## Required action:
Your answer should be an exact copy of the lines from the one containing "03 Elevation C Scale 1:100" through the last line of the records below, without any pictures.

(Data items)
----
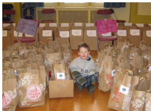
Volunteers help to pack 148 Holiday Baskets for Families in Need.
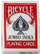
3 oz chicken or meat = Deck of Cards
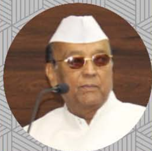
SHRI SAYED SIBTEY RAZI

FORMER MINISTER OF HEALTH, EX VICE CHANCELLOR ROYAL BHUTAN UNIVERSITY, BHUTAN
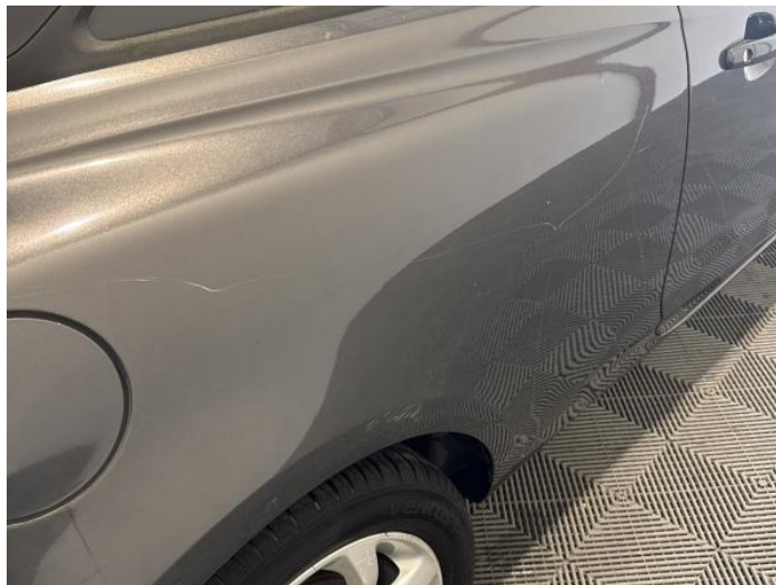
10: Qtr Panel osr Dented With Paint Damage
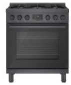
HDS8045U 30" 5-Burner Black Stainless Steel
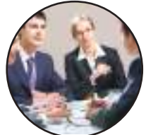
Taking Interview By Employer
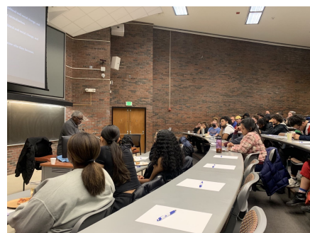
Political prisoner event, New Paltz, NY.
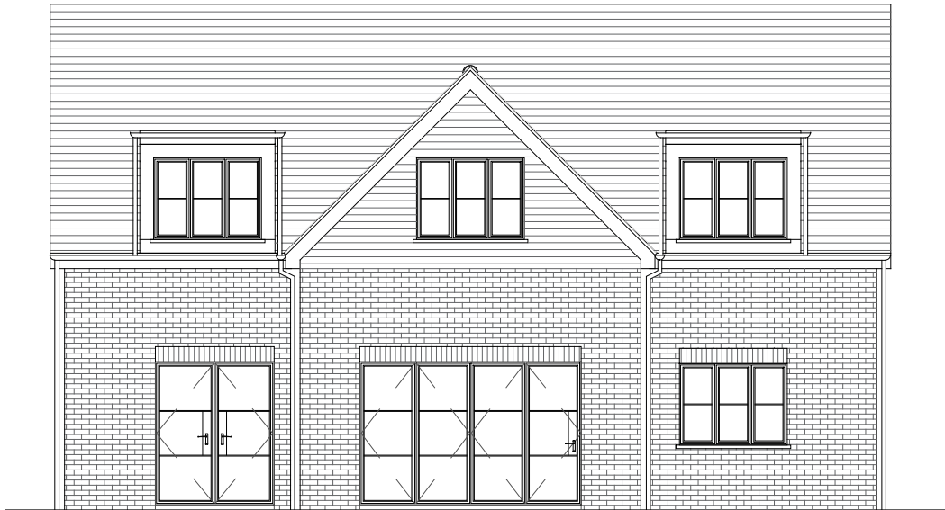
03 Elevation C Scale 1:100
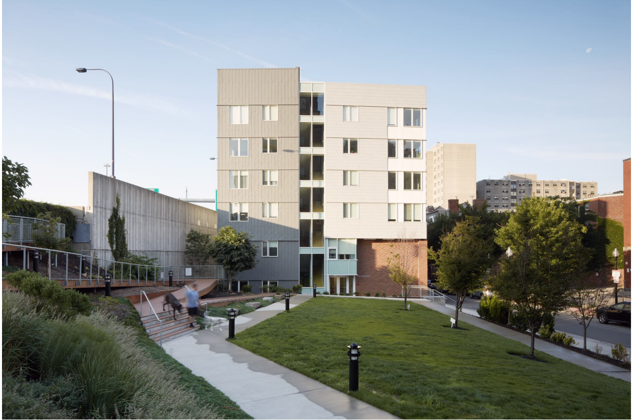
View from 66 Hudson looking south
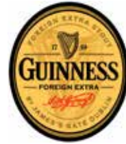
Label for GUINNESS® Foreign Extra Stout by Diageo Ireland.

which charges its operating companies (in high-tax jurisdictions) royalty fees for the use of the trademarks.
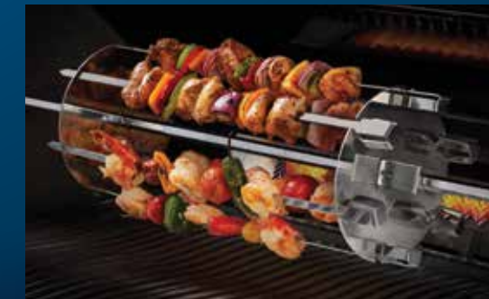
ROTISSERIE SHISH-KEBAB SKEWER SET 64008
----
## Solution to the problem:
03 Elevation C Scale 1:100
View from 66 Hudson looking south
Label for GUINNESS® Foreign Extra Stout by Diageo Ireland.

which charges its operating companies (in high-tax jurisdictions) royalty fees for the use of the trademarks.
ROTISSERIE SHISH-KEBAB SKEWER SET 64008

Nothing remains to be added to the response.